Records excerpted from a collection
-- Opening Marker --

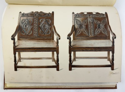 The first volume in the series is “The Age of Oak”. This comprises furniture dating from 1500-1660 that can be attributed to the Renaissance and its evolution from the Gothic. It’s interesting that design in architecture and furniture in the Middle Ages was wholly due to the influence of the church. The author notes that early furniture was severe in character with a practical necessity for its solidity, as “a man armed cap-à-pie [head to foot] must have required a very heavily constructed seat”!
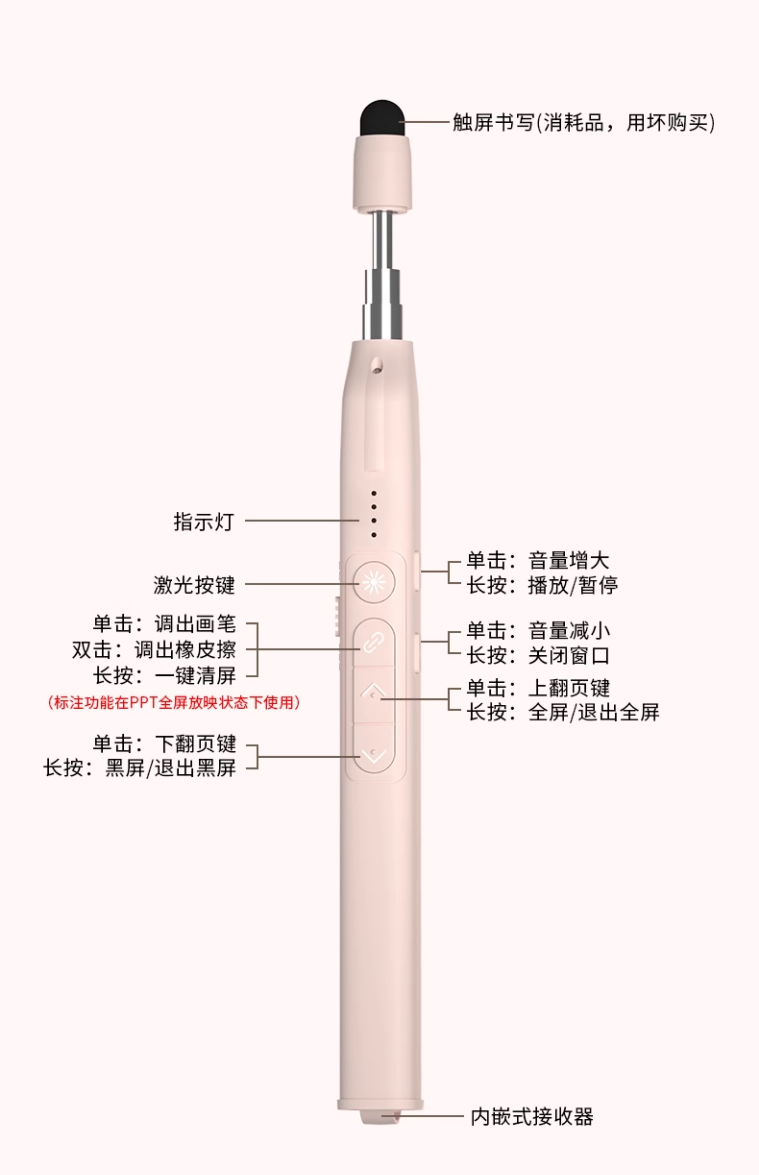 惠斯特K9伸缩教鞭翻页笔教师用多功能ppt遥控笔适用希沃白板多媒体一体机触屏笔二合一上课教学激光投影笔
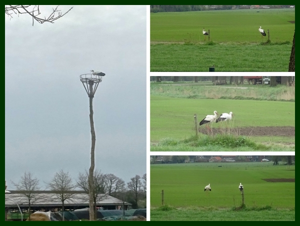 Een prachtig gezicht vanmorgen. Er liepen 2 ooievaars voor ons keukenraam.
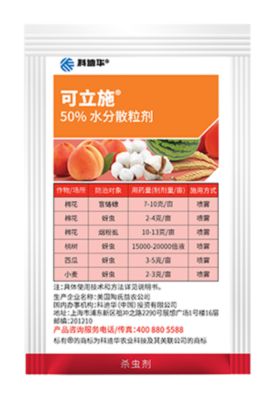 可立施®是新型化学杀虫剂——砜亚胺(sulfoximines)的一员,作用于昆虫神经系统,具有胃毒和触杀作用,用于防治防治棉花烟粉虱和盲蝽蟓,以及小麦、桃树和西瓜蚜虫。
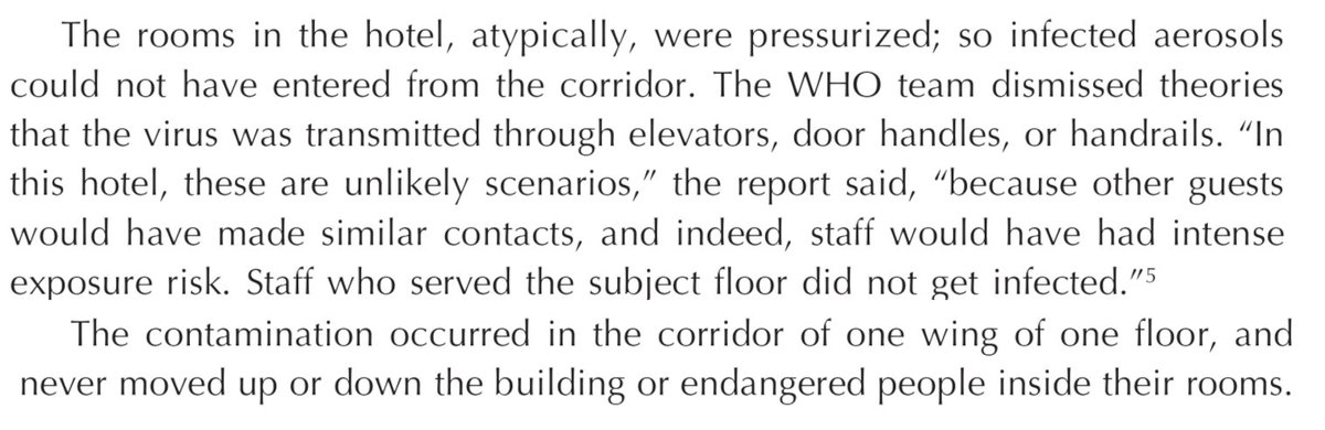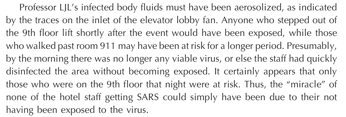 The WHO investigators realized the transmission must have been by aerosol. They speculated that Liu had vomited and perhaps staff cleaning vacuuming had aerosolized it.
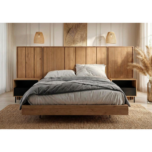 Dormitorio compuesto por un cabecero con 2 alas laterales y 2 mesillas a juego para camas desde 135 hasta 180 en color Naturale-Rayado-Bocamina.
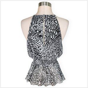 BCBGMaxAzria BCBG Black White Combo Pleated Peplum Smocked Waist Top NWT NEW S
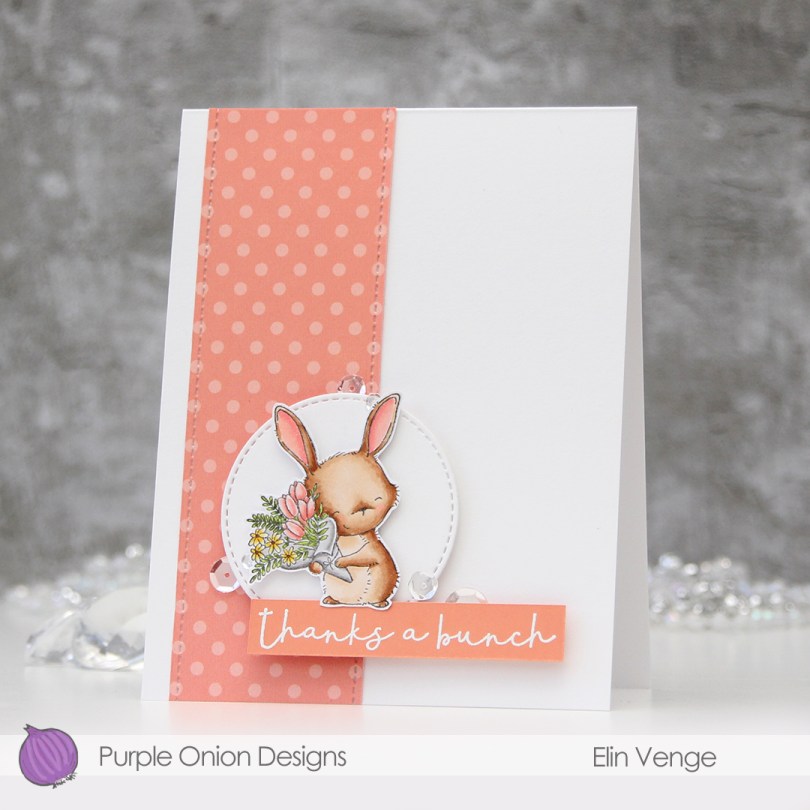 Once my coloring was done, I adhered it to a top fold A2 card base I created from white cardstock. Using the Snow Drifts Cover-Up die from My Favorite Things, I die cut three wavy pieces from solid colors Of cardstock to go towards the top of my card. I used Limeade Ice, Lovely Lady and Harvest Gold, all from Papertrey Ink. I butted them right up against each other, added them to a backer so I could handle one piece instead of three and mounted them on foam tape. I then die cut the Thanks from the Twice the Thanks die set from My Favorite Things four times from white cardstock from PTI. I love the cardstock from Papertrey Ink, it’s my favorite!! Onto a strip of Lovely Lady cardstock, I white heat embossed a sub sentiment from the Itty Bitty Basics stamp set from My Favorite Things and mounted it below my stacked Thanks die cut. To finish I added a few Sparkling Clear Sequins from Pretty Pink Posh.

-- Closing Marker --

### What you will do
Transcribe only this stretch of the data: the line with "The WHO investigators", the line with "BCBGMaxAzria BCBG Black", and every line in between. Leave out the pictures.

### Written answer
 The WHO investigators realized the transmission must have been by aerosol. They speculated that Liu had vomited and perhaps staff cleaning vacuuming had aerosolized it.
 Dormitorio compuesto por un cabecero con 2 alas laterales y 2 mesillas a juego para camas desde 135 hasta 180 en color Naturale-Rayado-Bocamina.
 BCBGMaxAzria BCBG Black White Combo Pleated Peplum Smocked Waist Top NWT NEW S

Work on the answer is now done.